Mina (Nadia Alexander) haunts a forest. She’s vicious with an axe and acrobatic in the trees. When she discovers Alex Whitman (Toby Nichols), blinded and in the back of a car, she becomes his protector.
There are so many forest based horror films, from The Evil Dead to The Blair Witch Project, it’s a clever twist to make The Dark from the “monster”’s perspective. We get a glimpse of Mina as a neglected kid in a house but still wait to piece together how she ended up here. Mina knows her own legend and embraces it to scare off other meddlers.
Alex’s story is heard more via supporting characters who are on the lookout for him. It creates an interesting dynamic with Alex because she killed Alex’s kidnapper, and tries to convince Alex he’s dead without revealing that she killed him. There are hints of Stockholmy codependence there.
By the time both Alex and Mina’s stories are revealed, they have a lot in common. It’s not to say they are better off in the woods, but it’s understandable how they each ended up there.

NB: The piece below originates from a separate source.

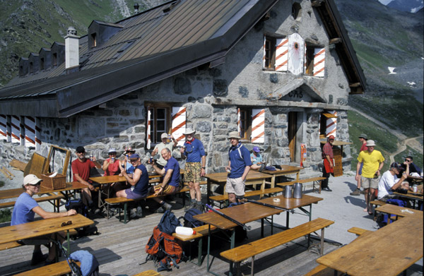 Day 6 Champex to Cabane de MontFortWalked down past the completely still Champex Lake and on down the valley to Sembrancher. Good views across the Rhone valley. Brilliant hot sunny day but my ankle was very sore. Took the Grand St Bernard train and a bus to Verbier. We lounged around in town waiting for the shops to open and then took the cable car and walked along a sunney terrace with superb views of the Grand Combin, to the Cabane de Montfort. This was newly refurbished large hut, more like a hotel, with a gleaming copper roof and showers! Drank beer on the sunny terrace, had a good meal and watched the sun go down. Mt Blanc was just visible on the horizon. |
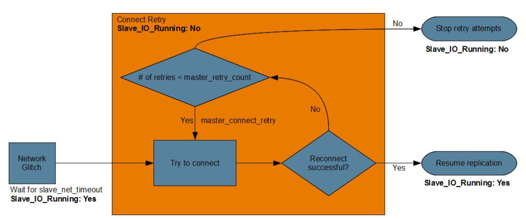 尝试重新建立连接失败后,再次尝试所间隔的时间(秒)。默认60秒。通过CHANGE MASTER

The widescreen frame gives The Dark the scope of the old John Carpenter horror movies. And though the two leads are teens, all the other characters are adults, making this a grown up horror movie. Everyone else is trying to deal with a real life situation and they just have no idea what they’re really up against. Mina is the terror of the sort adults can’t control, and that’s scarier than something in the woods attacking incompetent teenagers.
Mina could be a franchise. Whether she meets new people each time or just haunts the woods against people who deserve it, we’ll definitely want to see more of her. Alexander creates a memorable, sympathetic slasher icon, and Nichols her vulnerable mirror.
Writer/director Justin P. Lange came up with a clever, mature twist on the stalker in the woods genre. Even if he doesn’t intend Mina as a franchise, it’s worth seeing his first film and following whatever he decides to do next.